Excluding pictures, what does the listing below contain from the line with "Русы поплыли на" up to and including the line with "坦克世界关键一击怎么回事 艾尔登法环致命一击怎么触发", word for word?

SOURCE MATERIAL Start Marker

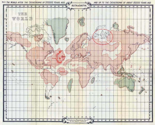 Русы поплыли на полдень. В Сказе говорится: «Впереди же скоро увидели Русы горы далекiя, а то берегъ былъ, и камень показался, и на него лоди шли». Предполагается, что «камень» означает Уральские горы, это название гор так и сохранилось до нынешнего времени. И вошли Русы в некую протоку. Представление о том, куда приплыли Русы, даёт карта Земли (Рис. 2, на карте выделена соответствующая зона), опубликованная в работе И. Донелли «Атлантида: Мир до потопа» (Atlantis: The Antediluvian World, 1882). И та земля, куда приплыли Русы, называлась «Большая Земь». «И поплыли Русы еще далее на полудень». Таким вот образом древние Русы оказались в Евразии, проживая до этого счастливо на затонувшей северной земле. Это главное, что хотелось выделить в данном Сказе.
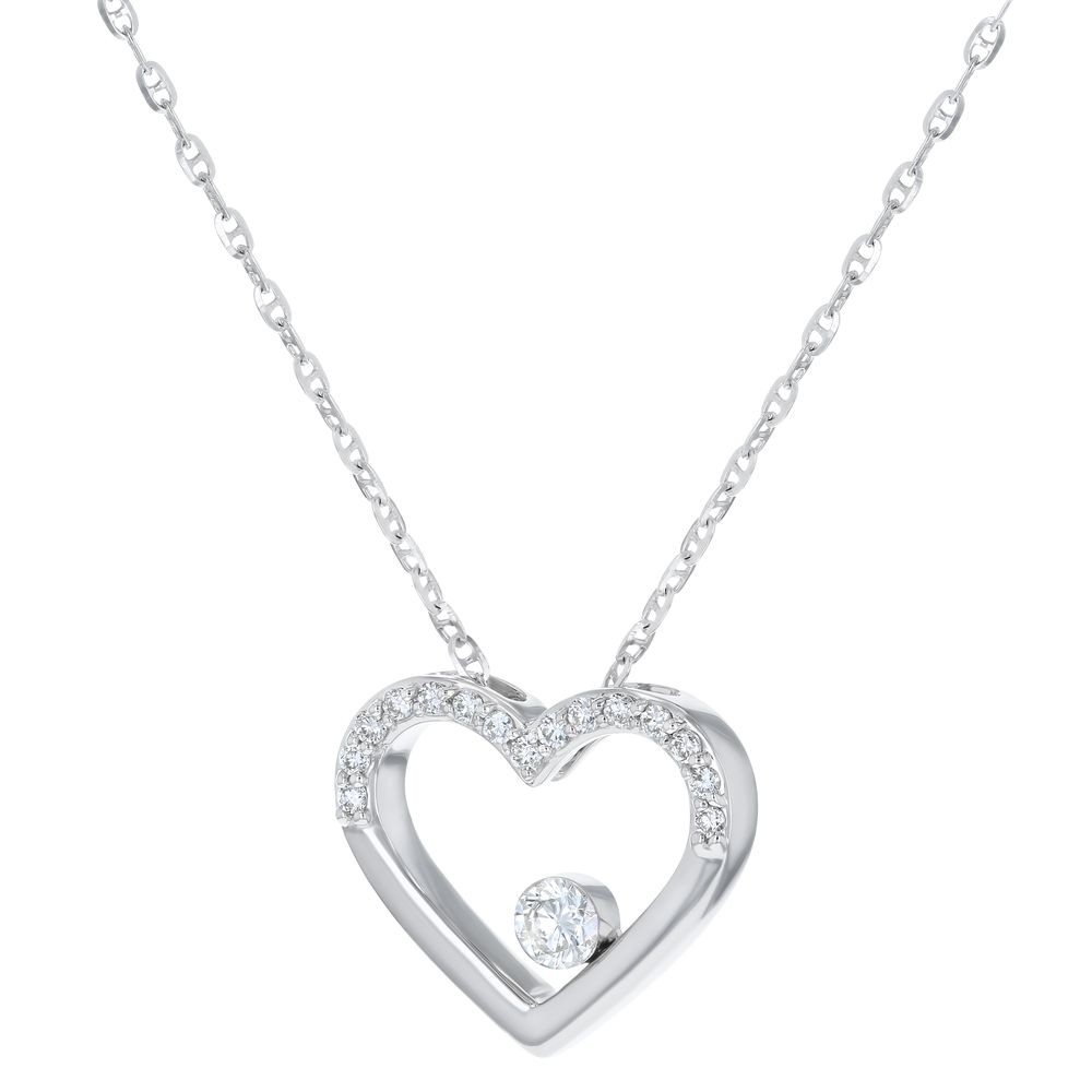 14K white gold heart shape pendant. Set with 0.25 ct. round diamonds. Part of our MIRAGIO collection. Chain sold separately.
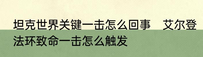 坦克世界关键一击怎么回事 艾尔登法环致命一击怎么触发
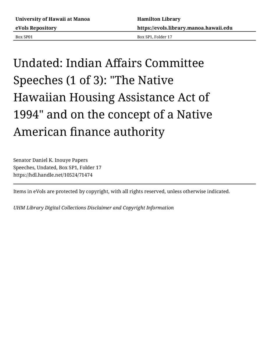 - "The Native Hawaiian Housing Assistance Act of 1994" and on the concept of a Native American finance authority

SOURCE MATERIAL End Marker
SOURCE MATERIAL Start Marker

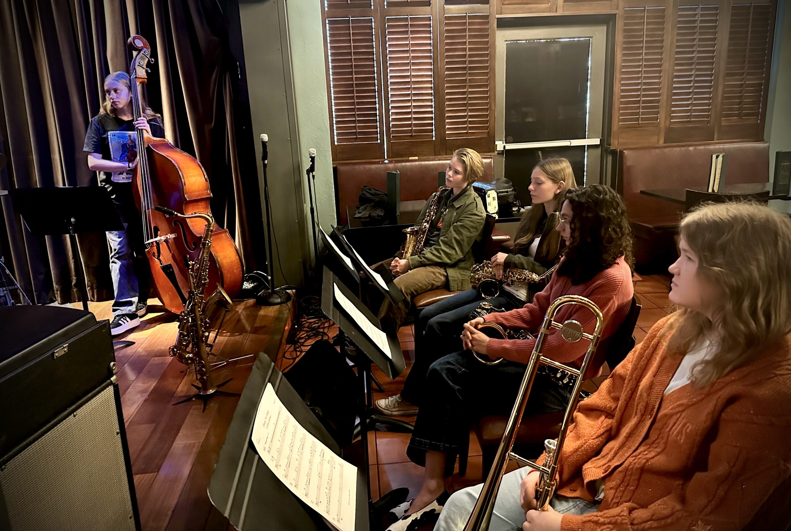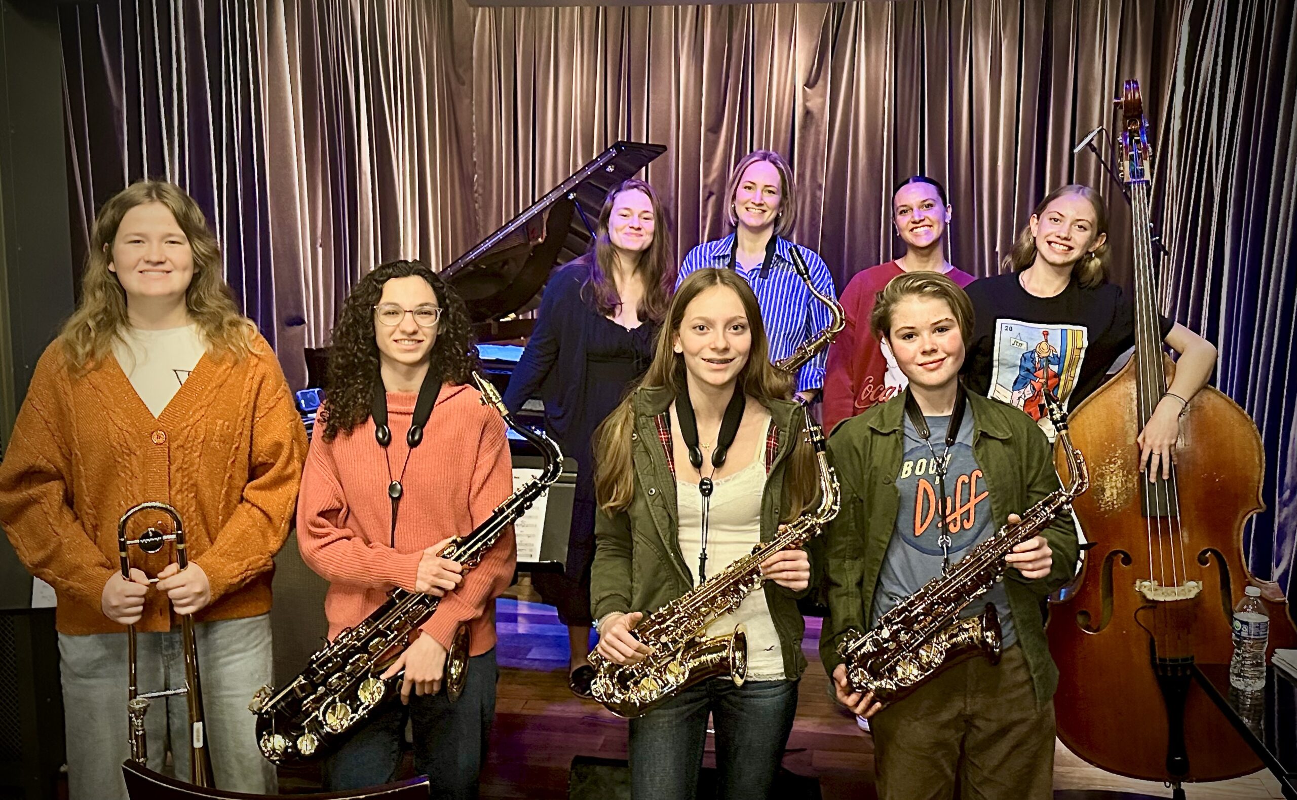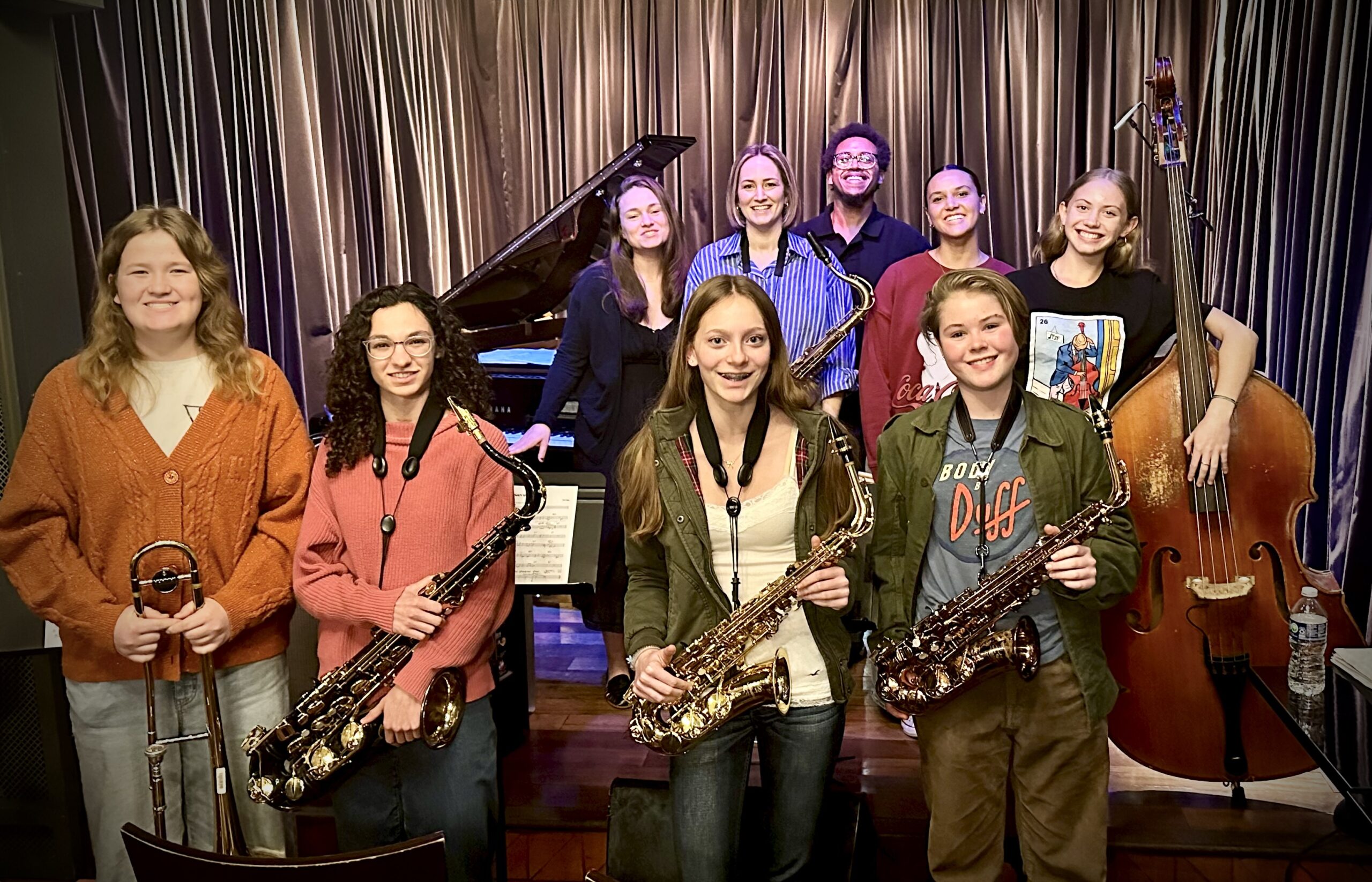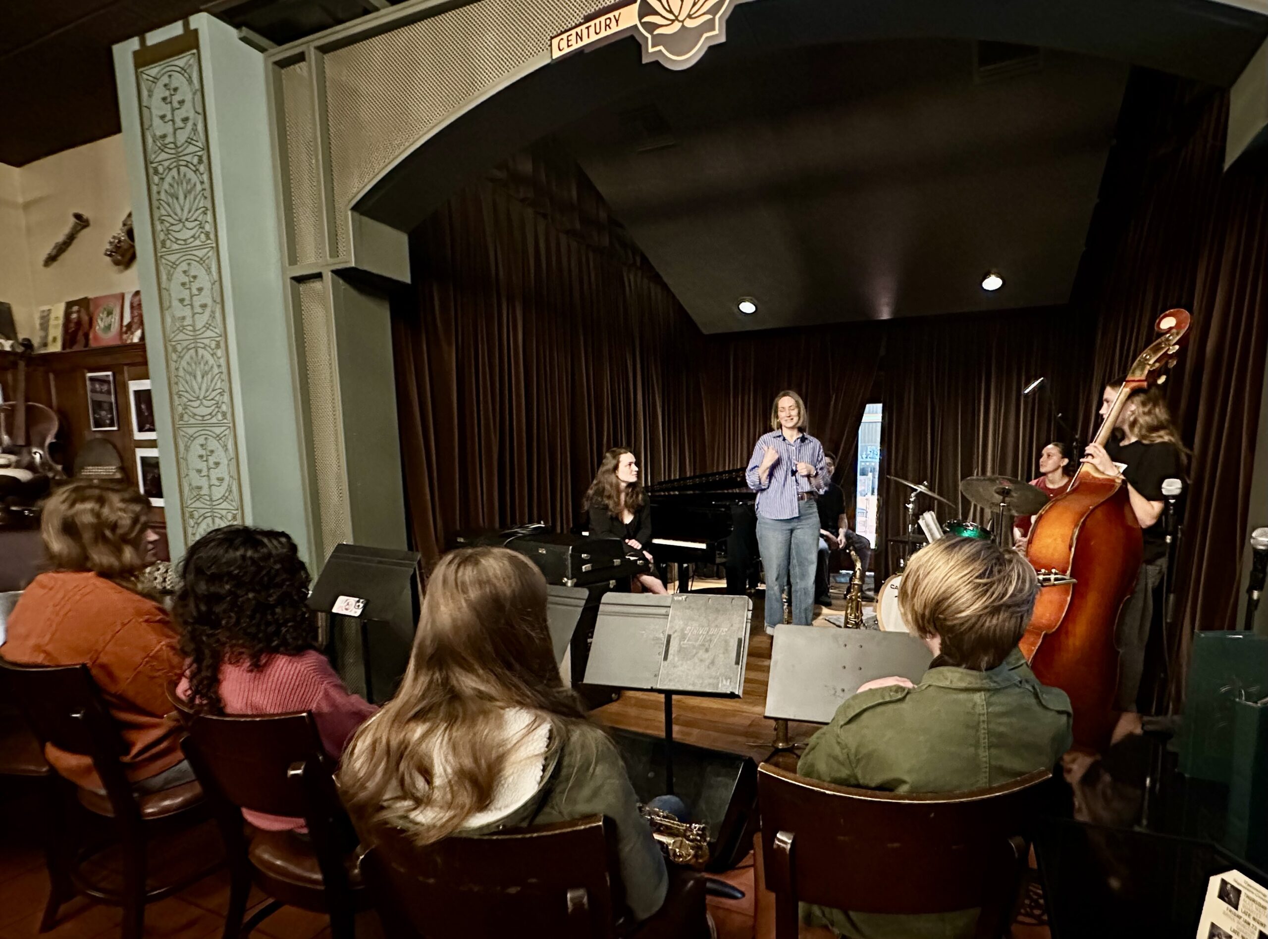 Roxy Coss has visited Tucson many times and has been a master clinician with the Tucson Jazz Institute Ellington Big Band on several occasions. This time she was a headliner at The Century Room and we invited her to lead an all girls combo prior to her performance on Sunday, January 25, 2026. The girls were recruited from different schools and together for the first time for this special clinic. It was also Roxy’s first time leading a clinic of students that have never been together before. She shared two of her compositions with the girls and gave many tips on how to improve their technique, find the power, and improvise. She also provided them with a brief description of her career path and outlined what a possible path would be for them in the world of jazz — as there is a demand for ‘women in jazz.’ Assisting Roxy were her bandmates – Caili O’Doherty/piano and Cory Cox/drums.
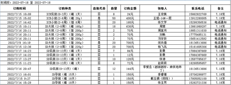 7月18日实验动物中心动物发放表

SOURCE MATERIAL End Marker

§ RESULT OF THIS TASK:
 Русы поплыли на полдень. В Сказе говорится: «Впереди же скоро увидели Русы горы далекiя, а то берегъ былъ, и камень показался, и на него лоди шли». Предполагается, что «камень» означает Уральские горы, это название гор так и сохранилось до нынешнего времени. И вошли Русы в некую протоку. Представление о том, куда приплыли Русы, даёт карта Земли (Рис. 2, на карте выделена соответствующая зона), опубликованная в работе И. Донелли «Атлантида: Мир до потопа» (Atlantis: The Antediluvian World, 1882). И та земля, куда приплыли Русы, называлась «Большая Земь». «И поплыли Русы еще далее на полудень». Таким вот образом древние Русы оказались в Евразии, проживая до этого счастливо на затонувшей северной земле. Это главное, что хотелось выделить в данном Сказе.
 14K white gold heart shape pendant. Set with 0.25 ct. round diamonds. Part of our MIRAGIO collection. Chain sold separately.
 坦克世界关键一击怎么回事 艾尔登法环致命一击怎么触发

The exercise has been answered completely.